La terre noire, riche et fertile est fraîchement retournée. "Regardez attentivement sous vos pieds! Faites bien attention là où les tracteurs ne sont pas passés! Nous pouvons tomber sur des mines anti-chars ou avec des fils pièges", explique Sacha, ingénieur agronome en chef, mardi dans La Matinale de la RTS.
Il s'enfonce dans la terre plutôt que de marcher en lisière du champ, puis s'arrête cinquante mètres plus loin, devant trois roquettes Grad qui n'ont pas explosé: "Elles étaient au milieu du champ. Nous les avons soulevées avec précaution et mises de côté. Les roquettes sont activées, mais non-explosées. Si le tracteur était passé dessus, notre ouvrier serait mort…"
"Nous avons déjà survécu à tellement de choses que cela ne nous fait pas peur", dit-il.
Semer malgré les risques
Il faut faire vite, prévient Sacha. Il reste en effet peu de jours pour semer les graines de tournesol. "Si nous ne semons pas le tournesol, que nous ne le traitons pas, nous n'aurons pas de récoltes. Si nous n'avons pas de récoltes, nous n'aurons pas de revenus. Il faut payer les impôts, les salaires, faire des bénéfices pour pouvoir développer l'entreprise... Si nous n'avons pas la possibilité de faire tout cela, nous allons couler. Notre entreprise va disparaître", insiste-t-il.
Cinquante employés travaillent dans son immense exploitation de 16'000 hectares. Toutes les terres ne pourront pas être semées cette année, explique l'ingénieur agronome en chef. Plus de la moitié se trouvent sur l'ancienne ligne de front. Les champs sont truffés de cratères, de mines, de carcasses de chars calcinés. Les employés de Sacha se concentrent donc sur les hectares les moins dangereux.

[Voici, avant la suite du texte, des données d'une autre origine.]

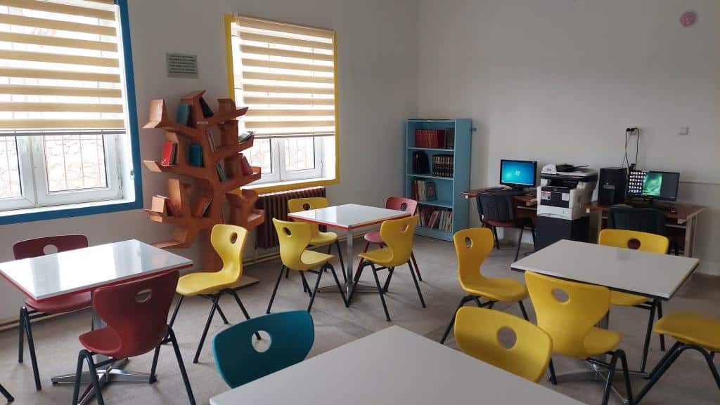 Okul kütüphanemiz yeni yerinde, yeni masalarıyla ve yeni kitaplarıyla hizmet vermeye başladı.

"Nous nous appuyons sur les témoignages des habitants, puis nous faisons le tour du champ à pied et en voiture à la recherche de traces de passage d'engins blindés. Potentiellement, nous considérons alors le champ comme sécurisé… Mais cela ne veut pas dire qu'il n'y a aucun risque."
Des millions de dollars de pertes
Les ouvriers qui passent en premier dans un champ ont une prime. "Avant, nous travaillions jour et nuit en cette saison de semences, poursuit Sacha. Maintenant, avec le risque de mines dans les champs, le conducteur doit voir ce qui est devant le tracteur et comme il ne peut pas repérer les engins explosifs dans la nuit, il ne peut travailler que sur une courte période de la journée."
Sacha estime ses pertes à plusieurs millions de dollars à cause de l'absence de récoltes en 2022. Mais c'est sans compter le matériel dérobé par les soldats russes, avant leur fuite précipitée, lors de la contre-offensive éclair début septembre.
Ces soldats russes ont aussi laissé quelques souvenirs à Oleksandre, à 30 kilomètres de l'exploitation de Sacha. Ils ont peint un "Z", symbole de l'"opération spéciale" russe, à l'avant d'une moissonneuse et criblé de balles le caisson étanche de sa réserve à grain.
Engin de déminage de fortune
Mais Oleksandre a, lui aussi, dérobé quelque chose à l'armée russe: des plaques de char calcinés, désormais soudées à un vieux tracteur.
Oleksandre regarde ses ouvriers réparer son nouvel engin improvisé, un tracteur démineur télécommandé, qui a sauté la veille sur une mine anti-chars. Il fallait bien trouver une solution de fortune, dit-il, après avoir découvert 260 mines dans ses champs.
"Nous avons appelé les démineurs de l'Etat, mais ils sont débordés. Leurs priorités, ce sont les lignes électriques, les gazoducs… Dans le village, cela fait déjà six mois qu'il n'y a pas d'électricité! Nous avons vite compris qu'il fallait que nous trouvions nous-mêmes une solution… Ce n'est pas facile pour eux, ils n'ont pas le temps."
Il se sent responsable, lui qui loue les terres aux villageois aujourd'hui sans ressources. Un champ professionnellement déminé est considéré comme sécurisé après plusieurs années. "C'est dans la misère qu'il faut être inventif! D'un côté, je me dis: 'Qu'est-ce que tu fous?' Et de l'autre, je me dis qu'il faut se bouger."
Le déminage du pays pourrait durer trente ans, d'après le ministre ukrainien de la Défense, pour un coût estimé par la Banque mondiale à 37 milliards de dollars.